Я засмеялся, думая, что он шутит. Но он не шутил. Он вообще был очень серьезный, глубокомысленный. Мы сели за стол, Петр Максимович рассказал о себе. В Чувашии, в райцентре Шихазаны, он преподавал в школе рисование, и все шло хорошо, женился даже, правда, ненадолго, — но вдруг ощутил нехватку образования и подал на живописный факультет Академии художеств. Конечно, его не приняли: слабовато рисовал. И он — вроде меня — переметнулся на искусствоведческий. Теперь уже на третьем курсе.
— А ты чего так рано приехал? — спросил Максимов. — Занятия в академии начнутся первого не сентября, а октября.
— Знаю. Так получилось. Да и место в общежитии надо же занять.
— Тут в комнате пока только я и Фалек. Я в Публичку кажный день… каждый день езжу. Ты читал Шопенгауэра?
— Нет.
— Надо читать, — строго посмотрел на меня странный чуваш Максимов.

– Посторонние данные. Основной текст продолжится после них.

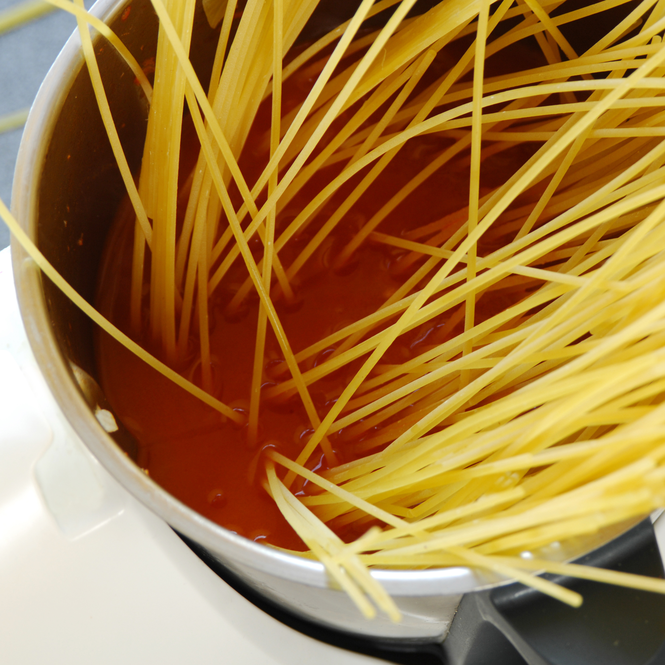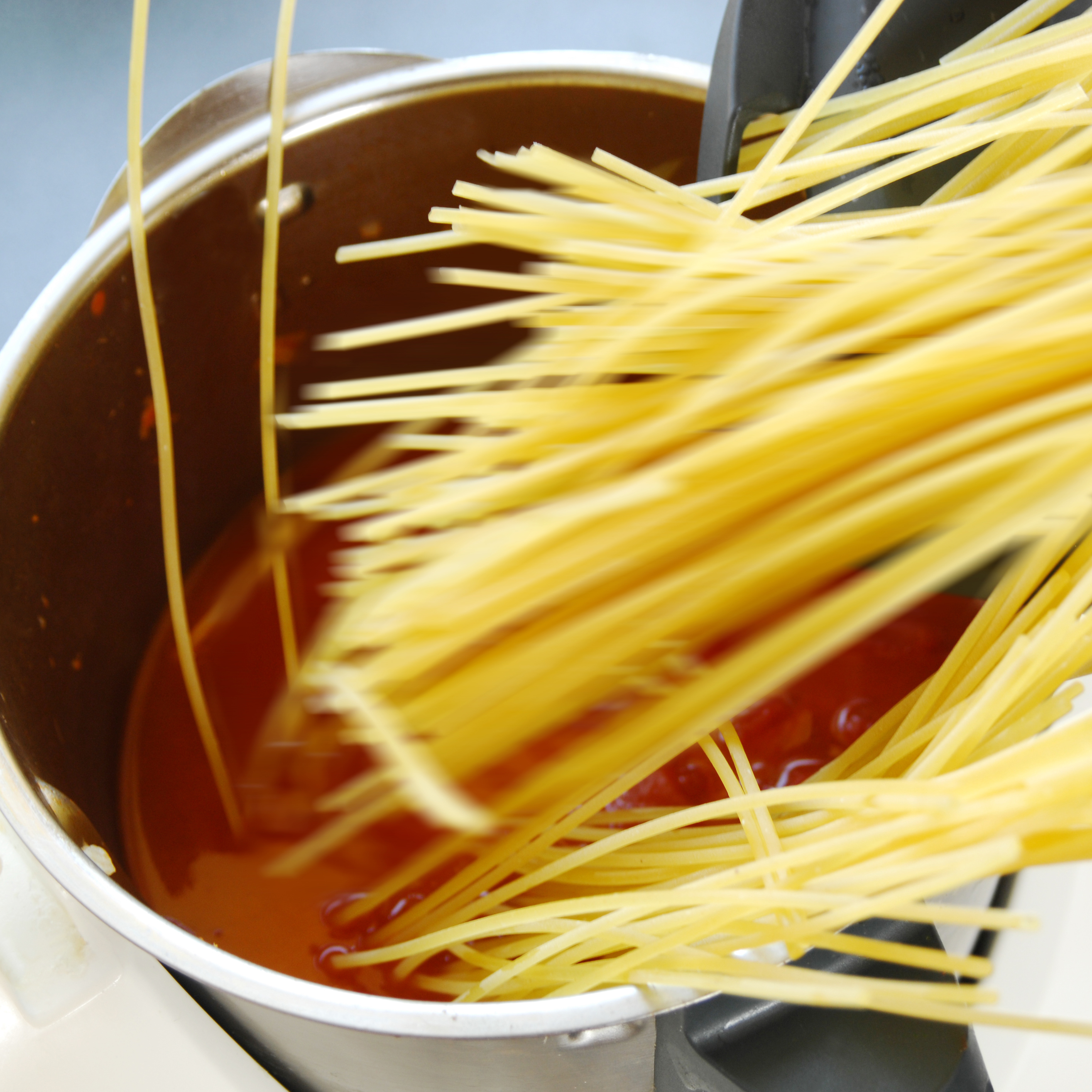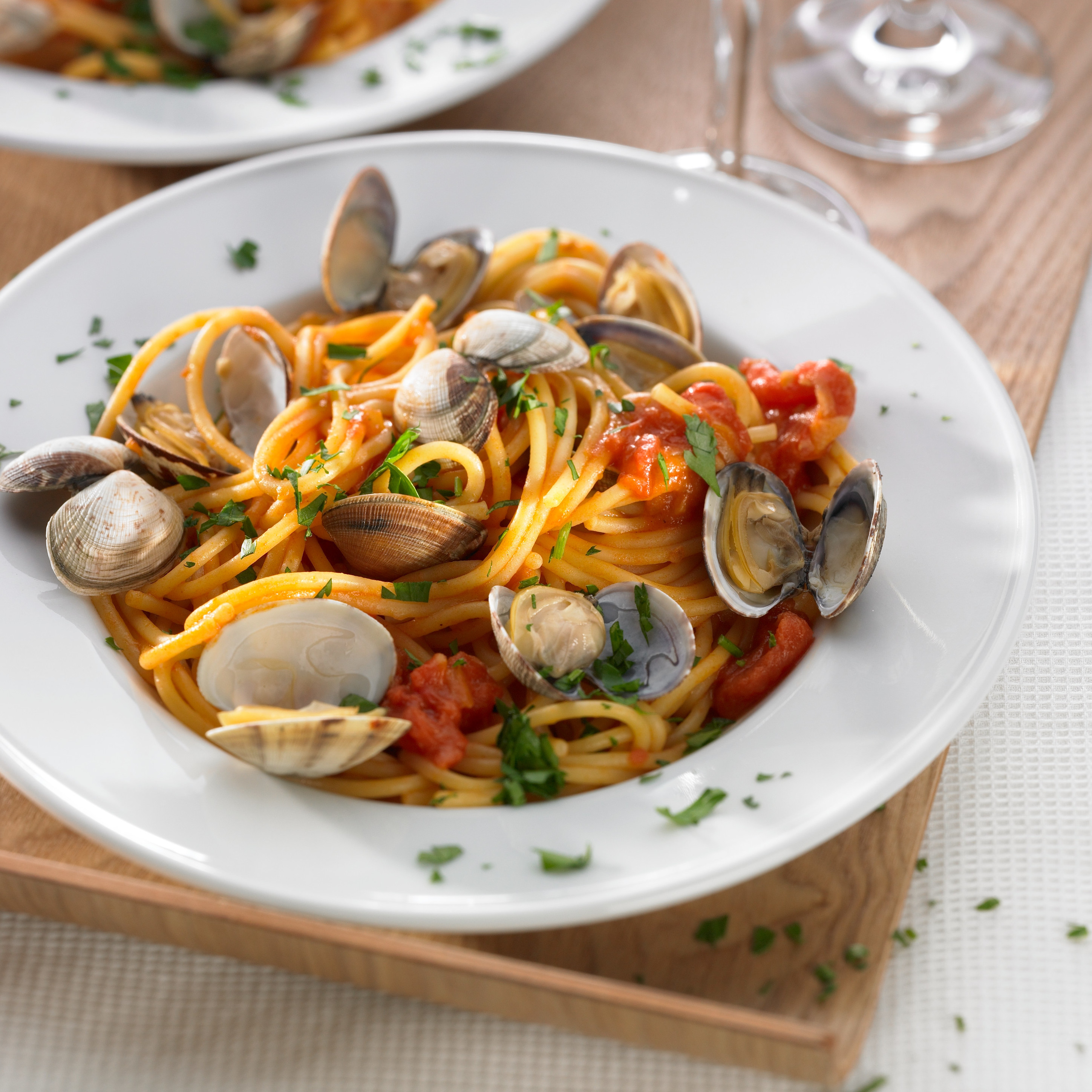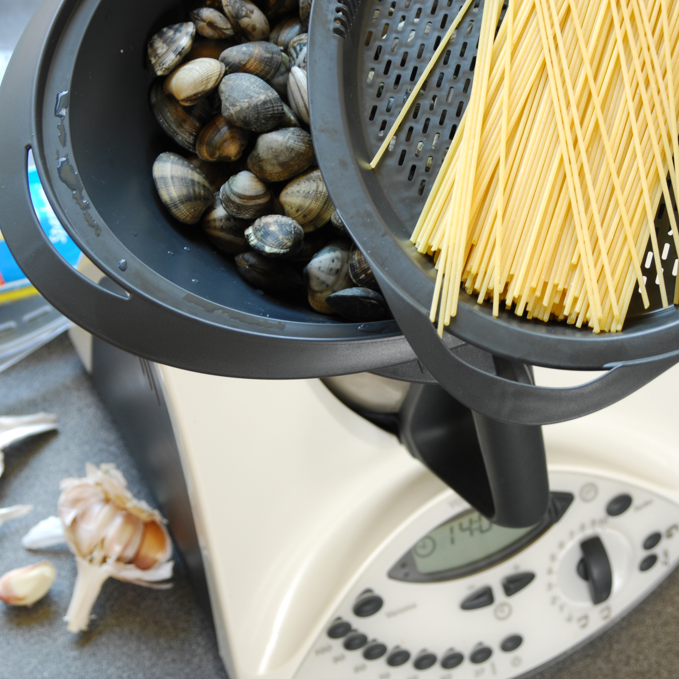 Pode substituir as amêijoas por mexilhões ou legumes cortado em pequenos pedaços. Sugestão italiana: pode cozer o esparguete sem o colocar no tabuleiro Varoma. No passo 4 introduza o esparguete verticalmente pelo bocal da tampa. Logo que este descer, pode colocar a Varoma.

Я занял койку между его койкой и окном. Третью занимал Фалек — я познакомился с ним дня через два. Александр Фалек, брюнет с синими от бритья жестких волос щеками, носил шляпу и черно-желтое кашне. Выражение его лица было не то чтобы высокомерным, но — холодно-отстраненным, оно как бы отражало постоянную готовность Фалека постоять за себя. Да он и был борец за идею, можно даже сказать — страстотерпец.
Фалек минувшей весной окончил пятилетний курс живописного факультета и представил в качестве дипломной работы большую картину «Академик Павлов и его ученики». Госкомиссия, однако, ее не приняла: картина была написана странно, напоминала пестрый ковер или, скорее, мозаику. Лица и фигуры состояли как бы из разноцветных кристалликов. Фалеку предложили написать дипломную картину наново — в общепринятой соцреалистической традиции. Он отказался, сославшись на то, что придерживается метода живописной школы Филонова. Этого художника академические деятели на дух не переносили. Фалека лишили диплома и исключили из академии с убийственной формулировкой: «формализм». Почему-то считалось, что формализм, то есть особое внимание к форме художественного произведения, непременно наносит ущерб содержанию. Ну, а содержание, естественно, обязано отражать передовую, единственно верную теорию. Обвинение в формализме, таким образом, закрывало художнику официально разрешенные пути к творчеству, к участию в выставках etc.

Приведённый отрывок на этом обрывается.